Qui ont tous confirmé. Si ce n'est pas un tue-l'amour… A quelques mètres de là, Dupraz était reparti : «Je suis fier de ce qu'ils ont fait aujourd'hui… ce n'est pas facile d'être remplaçant dans le foot, je peux le dire, ça m'est souvent arrivé quand j'étais joueur [à Brest, Mulhouse ou Toulon] alors qu'aujourd'hui, certains de mes collègues n'ont jamais connu ça, ils étaient tellement forts qu'ils jouaient tout le temps… Apparemment, Toulouse est un club qui n'intéresse pas grand-monde mais je constate qu'on remplit le stade…»

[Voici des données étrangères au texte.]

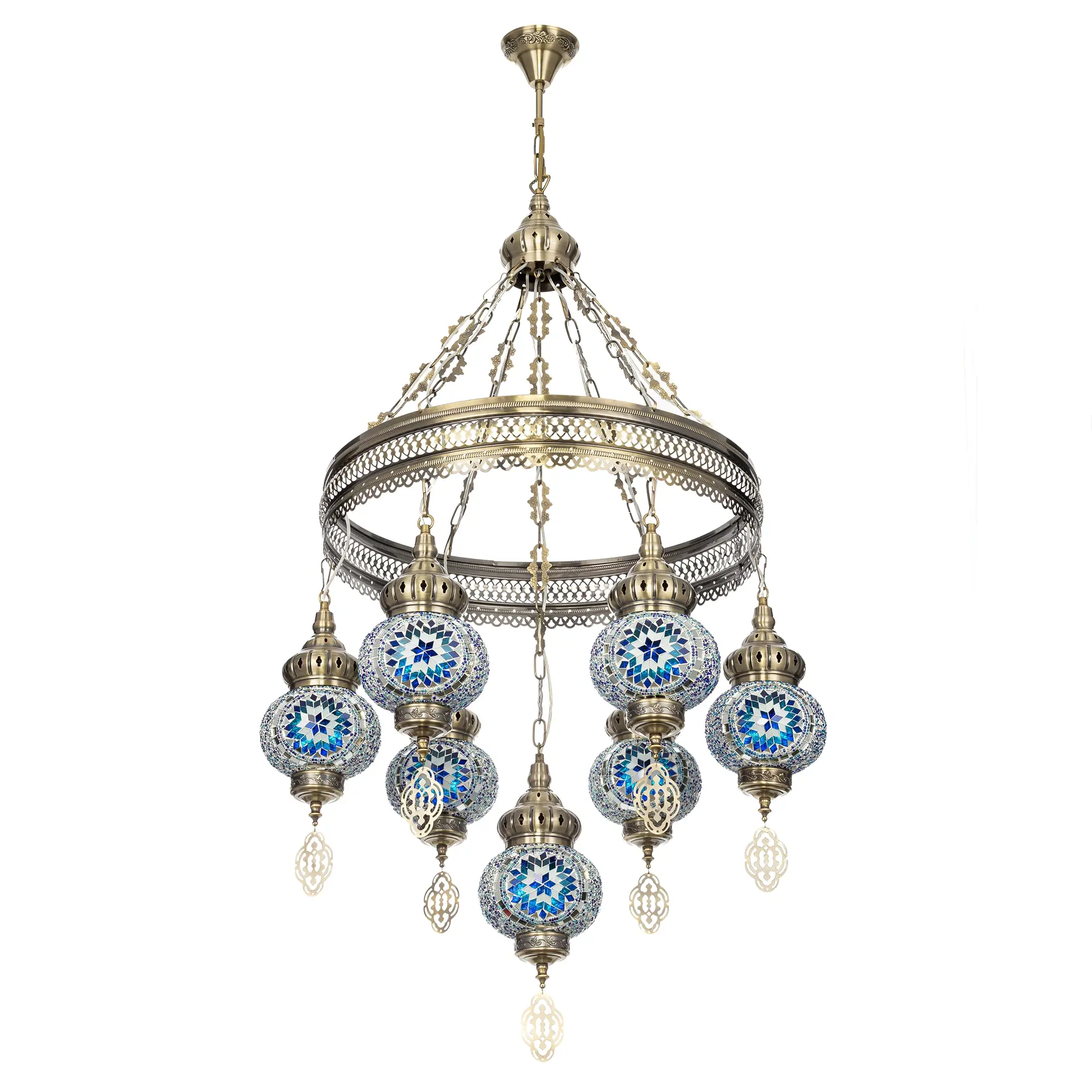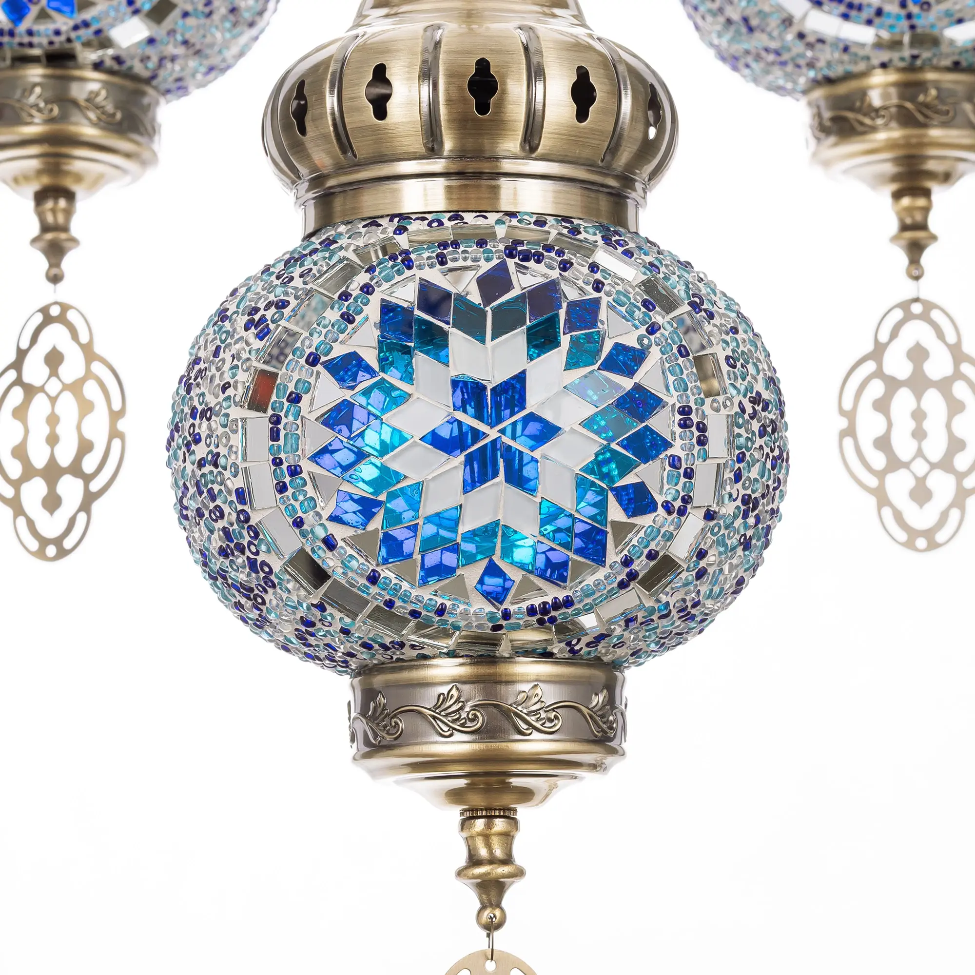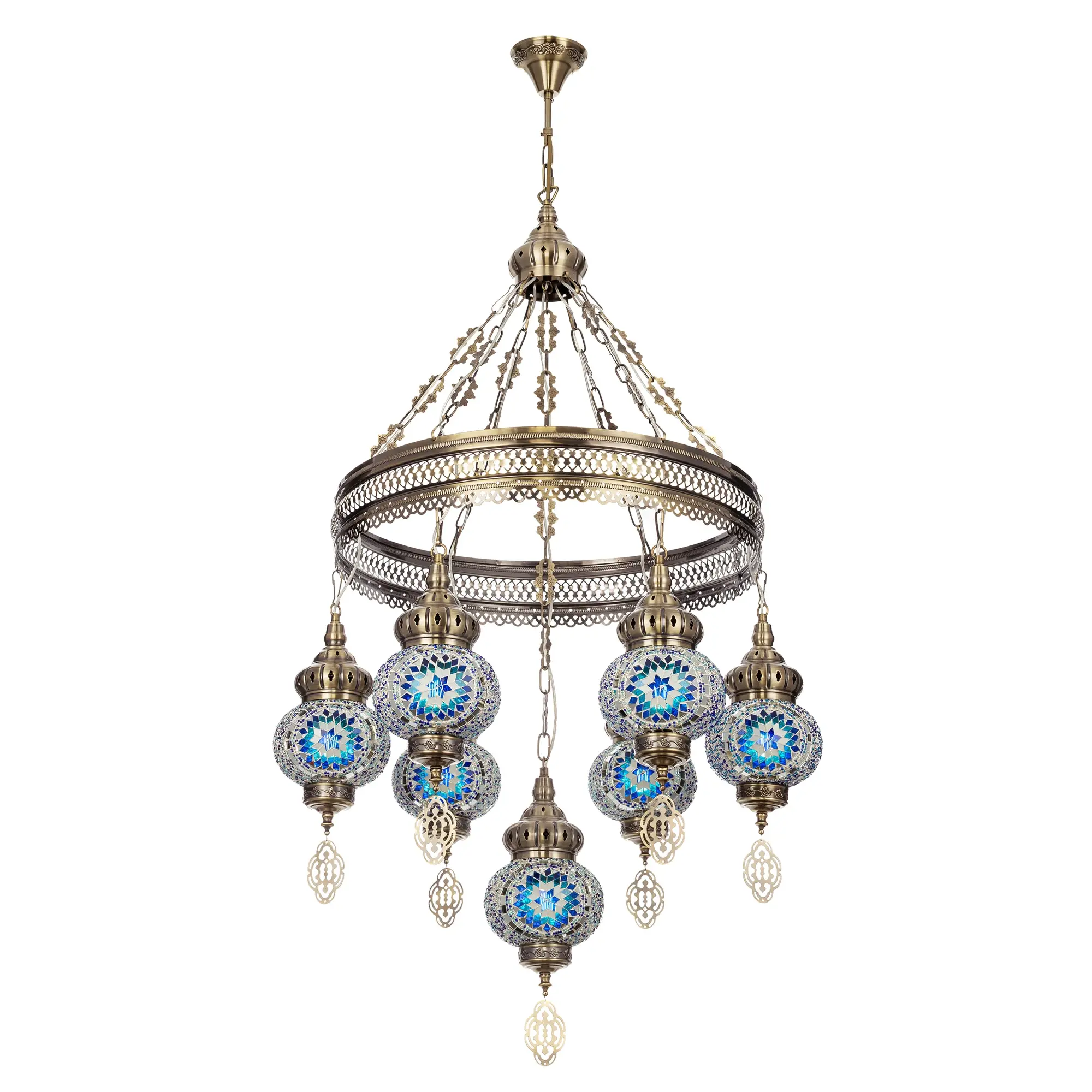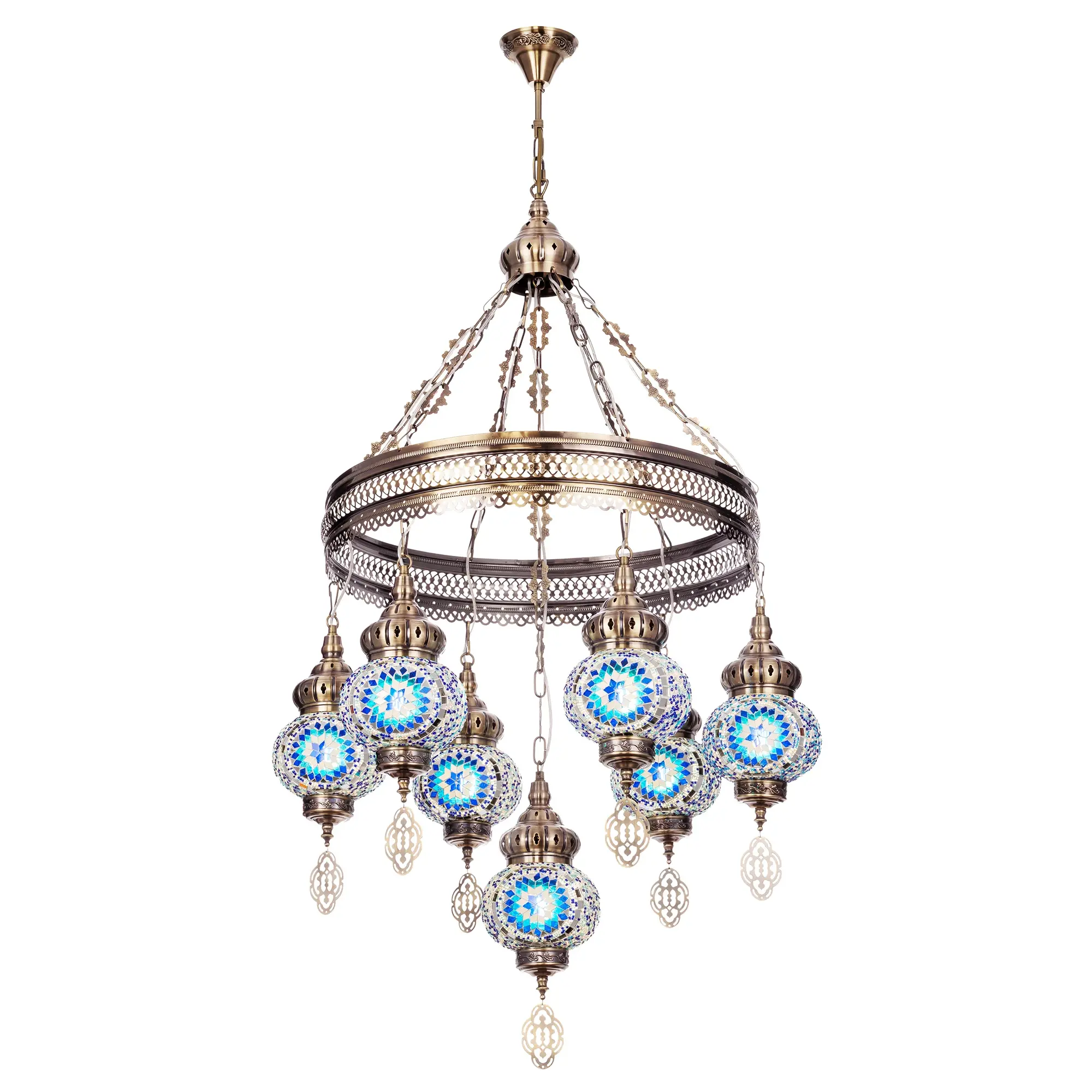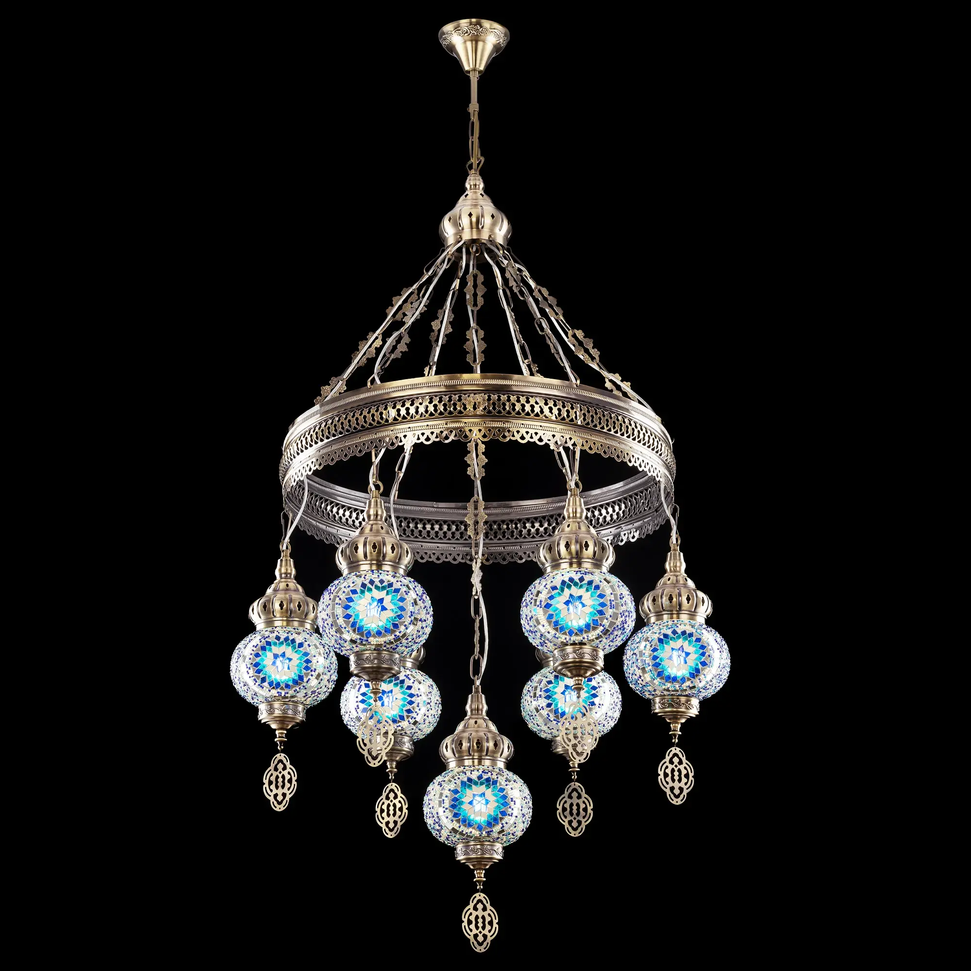 Семь подвесных плафонов, выполненных в форме слегка приплюснутых шаров, украшены мозаикой в сине-голубых оттенках. Это наполняет пространство чувством свежести и гармонии. Металлический каркас благородного бронзового цвета декорирован искусной чеканкой.
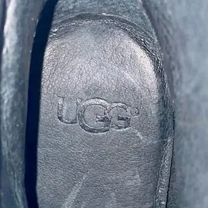 UGG Black Suede Ankle Booties with Gold-Tone Buckle Detail

Une illusion ? Un suicide collectif déguisé en dernier combat ? Ses mecs jouent comme des dératés. Ils vont dans le mur, mais au moins ils existent : une variante du «live fast, die young» («vis à fond et meurs jeune») punk, ce qui donne un sens tout à fait inattendu au pull tricoté façon grand-mère de Dupraz. On a filé avec le sentiment prégnant que les choses avaient une fin. Et que parfois, elles étaient terminées avant même d'avoir commencé : on le saura dans un mois, à l'aune de la relégation (ou pas) du club haut-garonnais. En attendant, le public s'en sera payé une sacrée tranche.